IA sin guía en México: la brecha entre curiosidad y políticas responsables

Un informe reciente de Work:InProgress, elaborado con datos del entorno mexicano, muestra una brecha significativa entre el uso personal de herramientas de IA y la ausencia de políticas claras que lo regulen. En esencia, la curiosidad tecnológica avanza más rápido que las reglas que harían segura esa práctica.

El fenómeno al que se refiere el estudio, a menudo descrito como IA en la sombra, abarca sistemas o prácticas que operan fuera de marcos de gobernanza, seguridad y cumplimiento. Cuando una persona integra una IA en su flujo de trabajo sin controles, se exponen datos sensibles, pueden aparecer sesgos no detectados y aumentan los riesgos técnicos que pueden escalar.

Esta situación es más que tecnológica: es cultural y económica. En México, la adopción de tecnología avanza a ritmo rápido, pero la escasez de políticas internas y de normas públicas crea un terreno fértil para usos improvisados que pueden acarrear costos reputacionales y legales. La innovación responsable exige un marco que equilibre beneficio y responsabilidad.

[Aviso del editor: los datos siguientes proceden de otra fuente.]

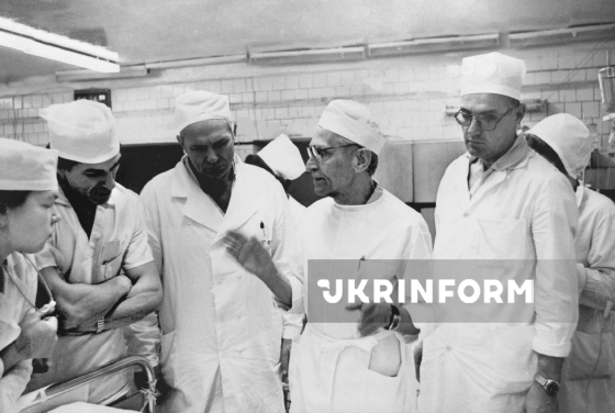 Старший науковий працівник відділу реанімації Андрій Говенко, професор Геннадій Книшов, кардіохірург, академік НАН України Микола Амосов та завідувач відділу реанімації Олександр Ваднєв (зліва направо) приймають важливе рішення в операційній Київського науково-дослідного інституту серцево-судинної хірургії, Київ, листопад 1988 року. Фото Валерія Соловйова.

Mi lectura es que las organizaciones deben enfatizar tres ejes: gobernanza de IA, educación continua y herramientas de supervisión. Por un lado, políticas claras sobre quién decide, qué datos se utilizan y cómo se audita el rendimiento. Por otro, formación que capacite a los trabajadores para identificar riesgos y evitar prácticas peligrosas. Por último, controles técnicos como el registro de modelos, la trazabilidad de datos y mecanismos de reporte ante anomalías.

En última instancia, la tecnología no es enemiga; lo peligroso es avanzar sin cinturones de seguridad. Este informe invita a crear un entorno donde la curiosidad tecnológica conviva con la responsabilidad, donde cada profesional cuente con guías prácticas y donde las empresas traduzcan la innovación en resultados confiables para la sociedad. Si México logra ese equilibrio, podrá aprovechar el valor de la IA sin perder el rumbo.